No casamento, o saber lidar com o temperamento do outro é crucial para a saúde da relação. Vale lembrar a esta altura que o temperamento vem conosco, em nosso nascimento, mas como muitas coisas em nossa vida, ele pode ser melhorado. Depende de nós. O temperamento muitas vezes é usado para legitimar grosserias, agressões, gritos, atitudes de desrespeito e outros arroubos emocionais. Mas isto constitui um erro grave. O temperamento pode ser melhorado.
A esta altura de nossa reflexão, cumpre fazer as seguintes perguntas: Você conhece as características do seu temperamento? Você sabe como identificar o seu próprio temperamento? Você conhece qual é o temperamento predominante do seu cônjuge? Apresentaremos a seguir algumas características dos temperamentos que permitirão essa identificação e, em seguida, modificar comportamentos, melhorar tratamentos e abandonar determinados vícios comportamentais em relação ao outro. Isto significa, na prática, crescer como pessoa!
O temperamento pode ser definido como sendo “[...] a tendência predominante de humor da pessoa, suas reações e grau de sensibilidade do indivíduo. Temperamento vem da palavra “tempero”, forma pelo qual expressa o jeito peculiar de cada pessoa”.[6] Tim LaHaye comenta que foi Hipócrates, médico e filósofo grego, que expôs 400 anos antes de Cristo, a teoria de que existem quatro temperamentos básicos, a saber: sanguíneo, colérico, melancólico e fleumático. Mesmo que existam outras classificações, a de Hipócrates resistiu ao tempo e é amplamente conhecida e utilizada.[7] A seguir estão descritos de modo muito breve os quatro temperamentos.

    2.3.1 Colérico
Também chamado de “colérico intransigente”, é um temperamento vivo, dinâmico, irritadiço e por vezes, “pavio  curto”. LaHaye comenta que o colérico “[...] muitas vezes é autossuficiente, e muito independente.
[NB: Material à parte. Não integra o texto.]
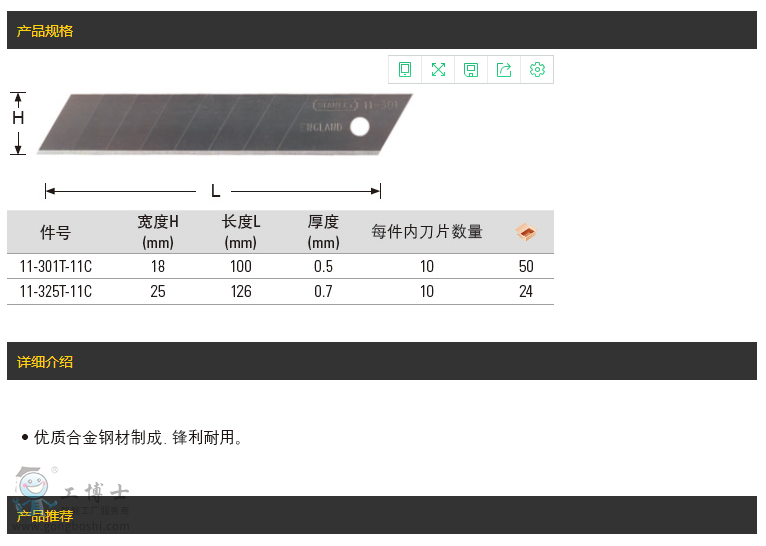 史丹利STANLEY手工具 QuickPoint美工刀刀片 11-301T-11C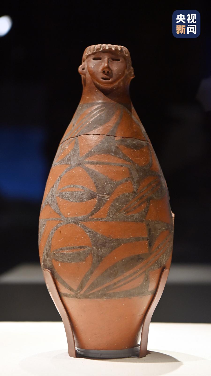 △出土於大地灣的人頭形器口彩陶瓶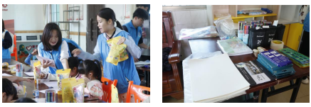 志愿者一早抵达社区进行分工协作,部分同学整理团扇、拓印模板、粘土陶罐等非遗物料,部分同学布置现场、摆放桌椅,为活动打造出独具韵味的传统文化场景。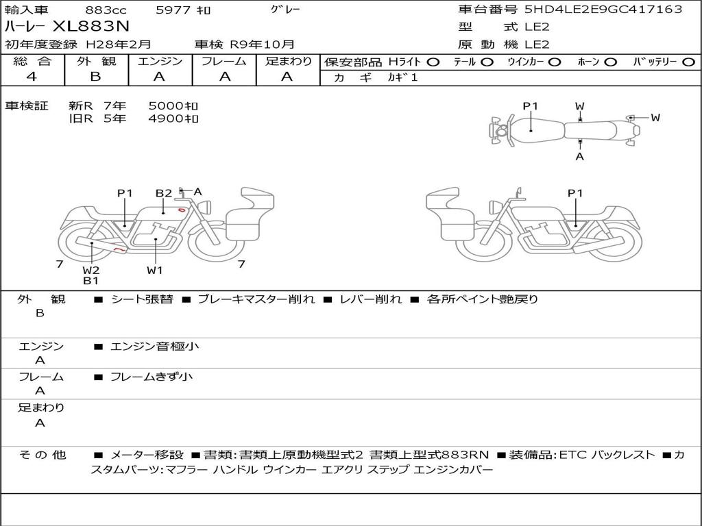 | Номер рамы / VIN | 5HD4LE2E9GC417163 |
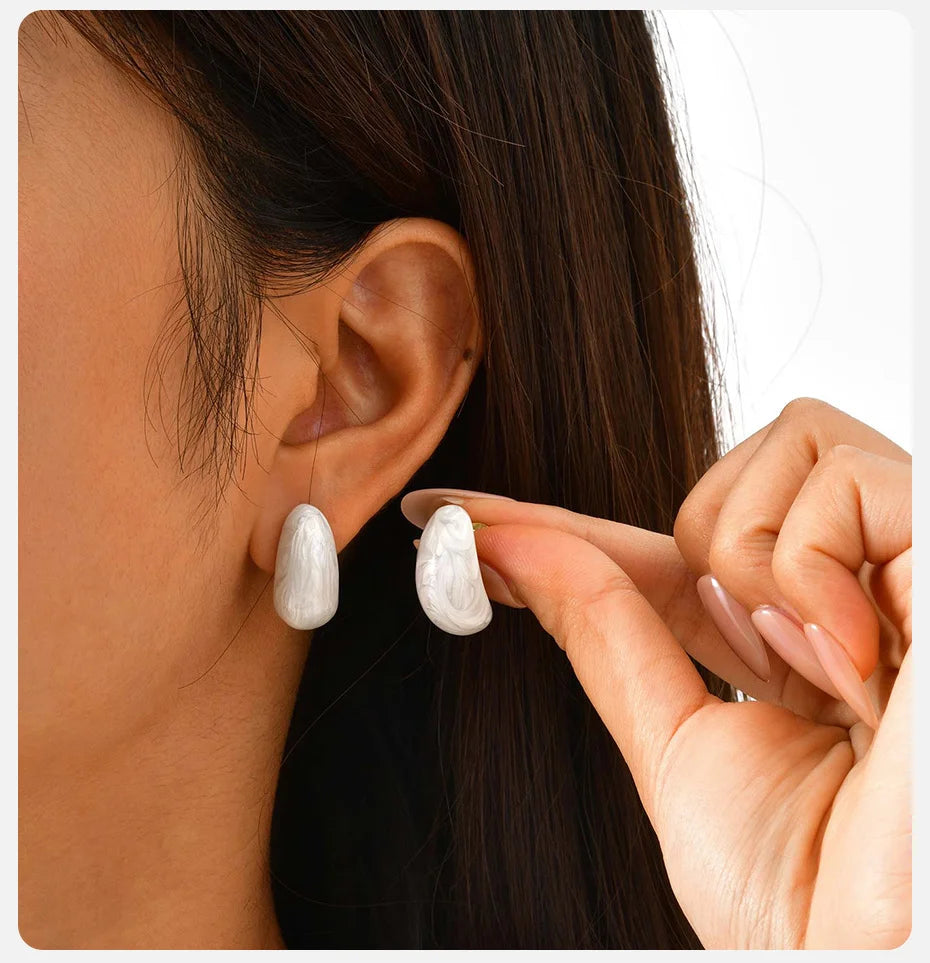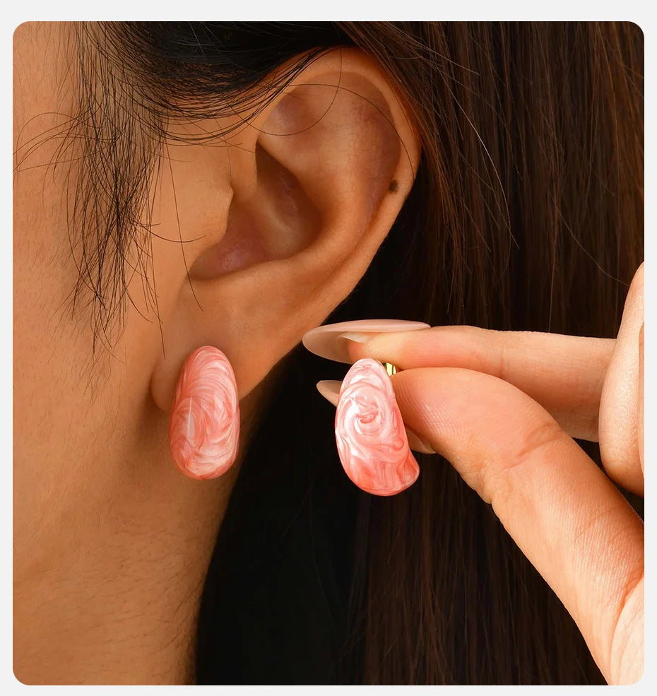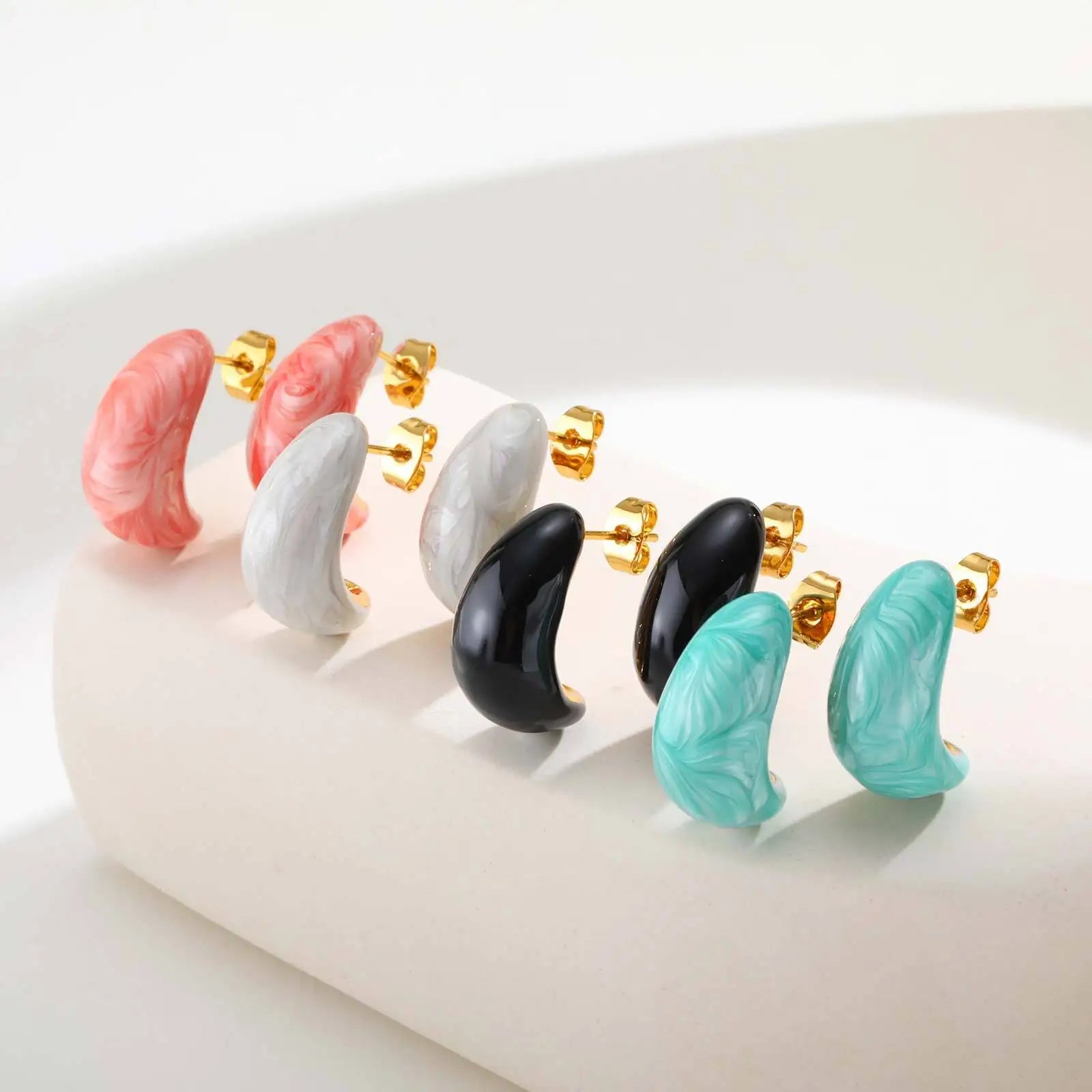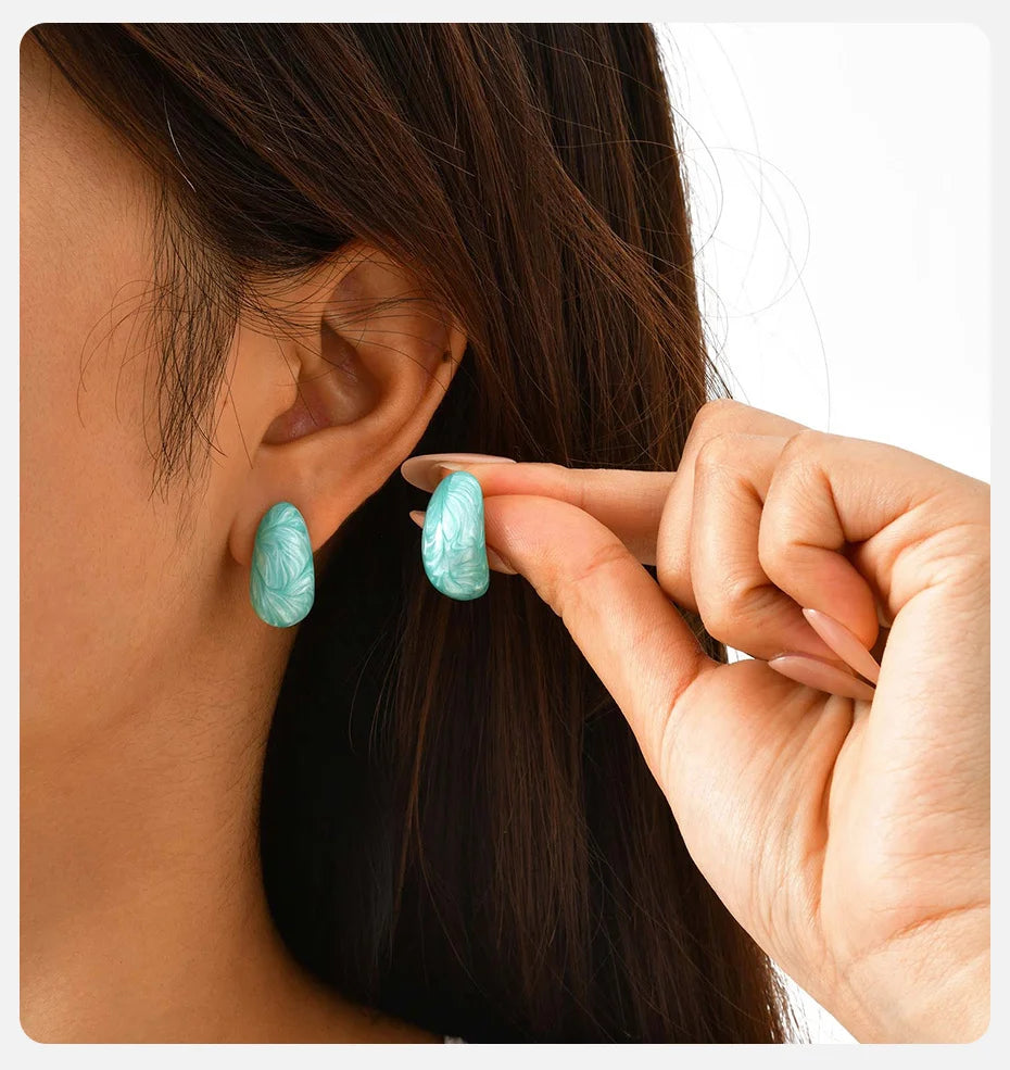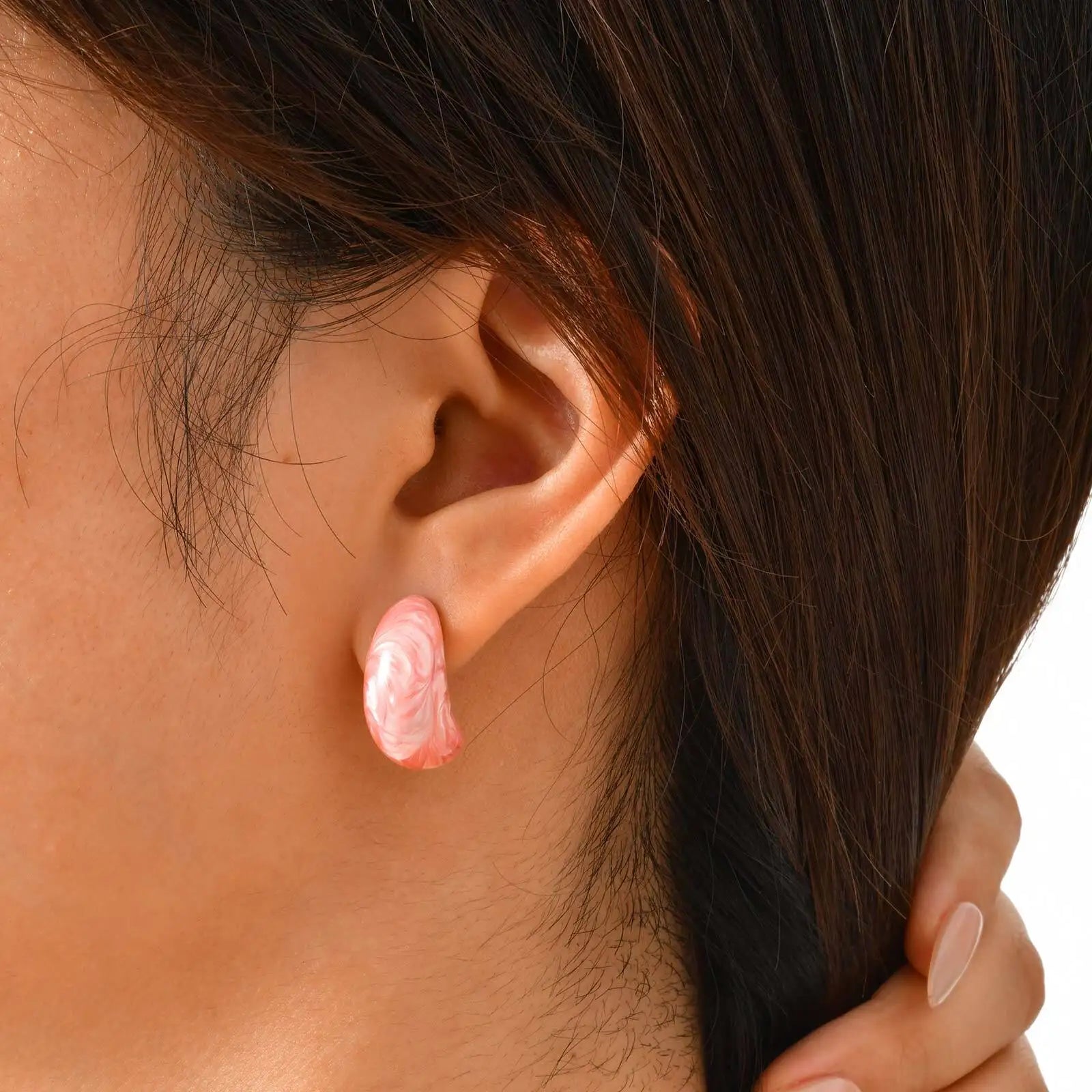 Farbe und Kurve: Die trendigen C-förmigen Ohrstecker aus Acryl.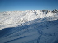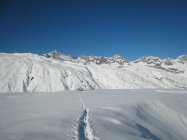 Nach den Einträgen vom Stotzigen Firsten dachte ich eigentlich, dass das "die Wahl sei" und ebenso, dass das gute Stück gespurt sei...beide Male falsch gedacht. So nah liegen Glück und Pech beieinander. Sommerweg jetzt allerdings eingespurt. Dann ab P.1967 kamen Spuren von fünf Tourlern, aber nur bis kurz vorm Stelliboden. Ein oder zwei (konnte das nicht so erruieren) Schneeschuhgeher sind allerdings ziemlich gradaus hochmarschiert - Hut ab, das war sicher kraftraubend! Und die Art der Fortbewegung sowohl rauf wie runter definitiv für den Gipfelhang die bessere Wahl. Trotz sehr defensiver Fahrweise haben die neuen Ski (nach der positiven Erfahrung vom Samstag) nun einen exzellenten Steinkantenschliff...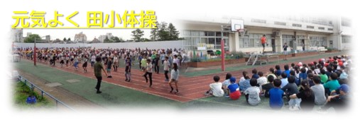 令和4、5年度の体育科の校内研究で開発された「田小体操」(=体育等の授業の準備運動)を体育朝会で復習しました。
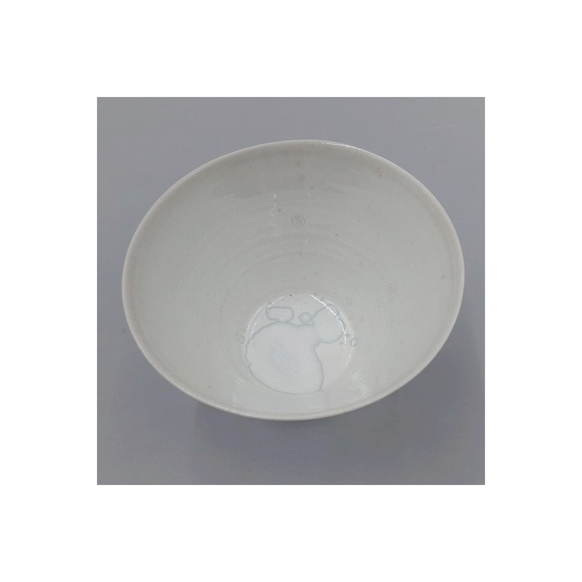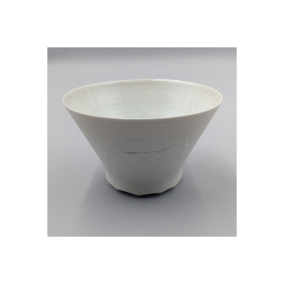 Bol conique, coupe de porcelaine, extérieur brut en relief, intérieur émaillé effet cristaux de givre.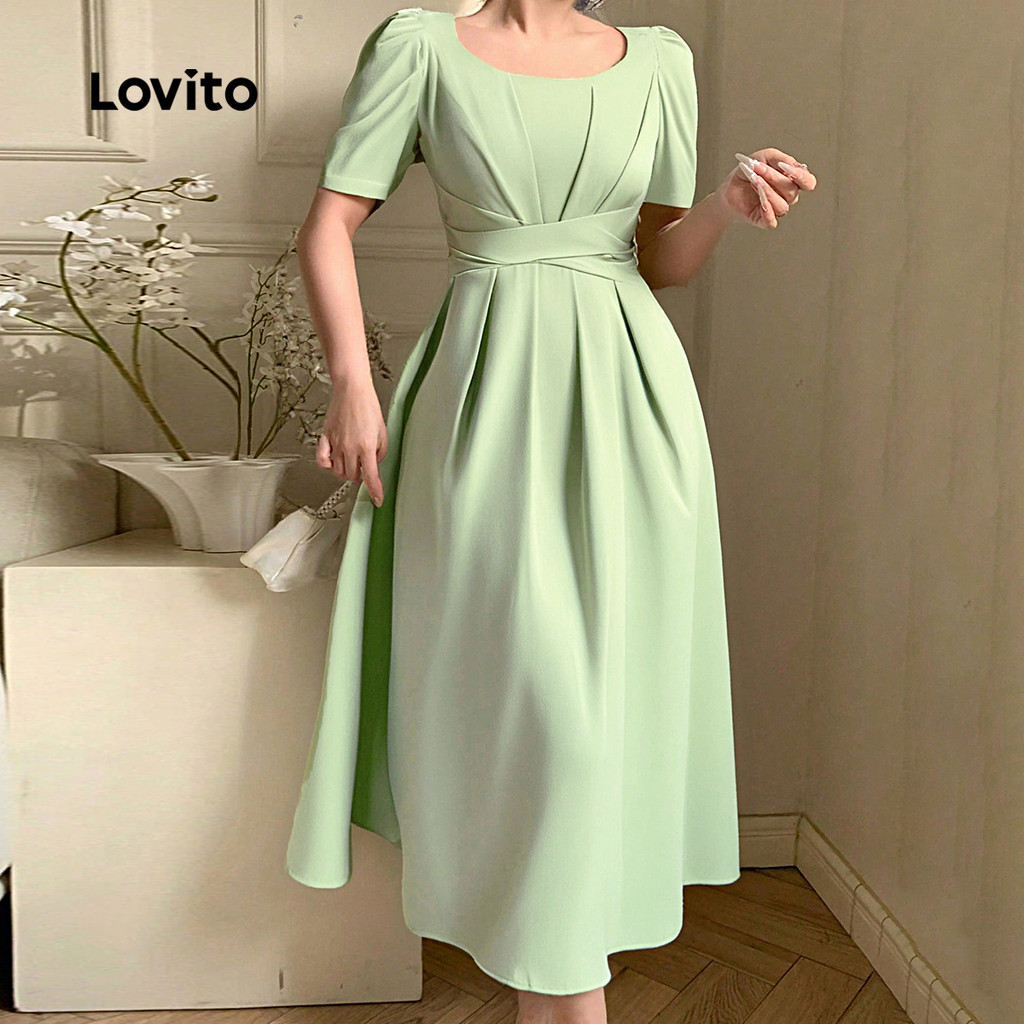 Lovito Vestido Elegante Cruzado com Pregas Primavera/verão Verde para Mulheres L137ED153
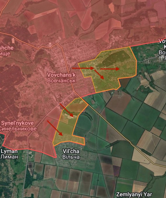 Μέτωπο #Βοβτσάνσκ – +3,68 τετραγωνικά μίλια προς τη Ρωσία – Οι ρωσικές δυνάμεις, μετά από 571 ημέρες μάχης, κατέλαβαν πλήρως την πόλη Βοβτσάνσκ. Οι ρωσικές δυνάμεις προέλασαν επίσης στο βόρειο τμήμα της Βίλτσα.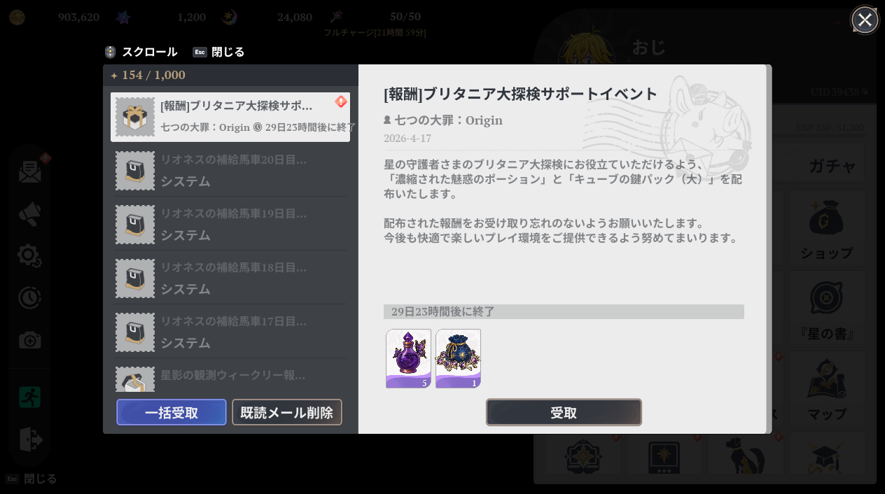 七つの大罪Origin(ナナオリ)の星の書レベル41に到達しました。レベル40から41までがえらい長

Sua tendência é ser decidido e teimoso, tendo facilidade em tomar decisões para si mesmo assim como para outras pessoas”.[8] Geralmente é insensível e gosta de tudo para ontem... Mas suas qualidades quando bem exploradas muito podem contribuir num projeto coletivo, por exemplo. No casamento, o cônjuge colérico pode assumir uma postura motivadora, impulsionadora, animadora.

    2.3.2 Sanguíneo
LaHaye comenta que o “[...] temperamento sanguíneo é cordial, eufórico, vigoroso e ‘folgazão’”.[9] Para o sanguíneo, os sentimentos tem um peso enorme em suas ações, mais que os pensamentos ponderados. Uma marca do sanguíneo é sua cordialidade e diferentemente do colérico, ele não é tão insensível aos sentimentos alheios. Faz muitos amigos e no trabalho, conquanto seja enérgico, por vezes não conclui o que começou.

    2.3.3 Melancólico
LaHaye comenta que o melancólico “[...] é comumente classificado como o temperamento ‘hostil e sombrio’”. A despeito dessa designação nada honrosa, LaHaye afirma que o melancólico “na realidade, é o mais rico de todos os temperamentos, pois é um tipo analítico, abnegado, bem dotado e perfeccionista. Ninguém desfruta maior prazer com as belas artes do que o melancólico”.[10] Mas este temperamento, como todos os outros, possui também seus defeitos. Tende a ser vingativo, demora a superar conflitos interpessoais e diferentemente do temperamento sanguíneo, não faz amigos com tanta facilidade. No casamento, o cônjuge precisa saber lidar com as ciclotomias do parceiro melancólico, e o cônjuge melancólico deve buscar reconhecer suas nuances de humor e procurar minimizar os impactos disto sobre os outros membros da família, especialmente sobre o parceiro ou parceira.

    2.3.4 Fleumático
Tende a ser equilibrado, calculista, coerente, frio e para ele, a vida “[...] é uma experiência feliz, serena e agradável na qual tenta envolver-se o mínimo possível”.[11] Em posições de gestão e liderança, o fleumático tende a ser muito produtivo e bem sucedido. No casamento, é importante que ele trabalhe suas emoções e sua postura, pois ele tende a mais sentir as emoções do que a demonstrá-las, o que pode ser ruim para a relação. Essa frieza típica do fleumático, boa em alguns contextos, pode ser devastadora para suas relações pessoais.

CONCLUSÃO
Naturalmente, muito mais poderia ser dito aqui a respeito da vida a dois, do casamento, mormente na perspectiva bíblica. Buscou-se um diálogo com outras fontes de conhecimento a fim de se produzir um texto que apresente assim contribuições possíveis, mas partindo da compreensão básica de que o casamento continua sendo uma instituição vital à sociedade, à constituição de famílias saudáveis e também para a construção de igrejas sadias.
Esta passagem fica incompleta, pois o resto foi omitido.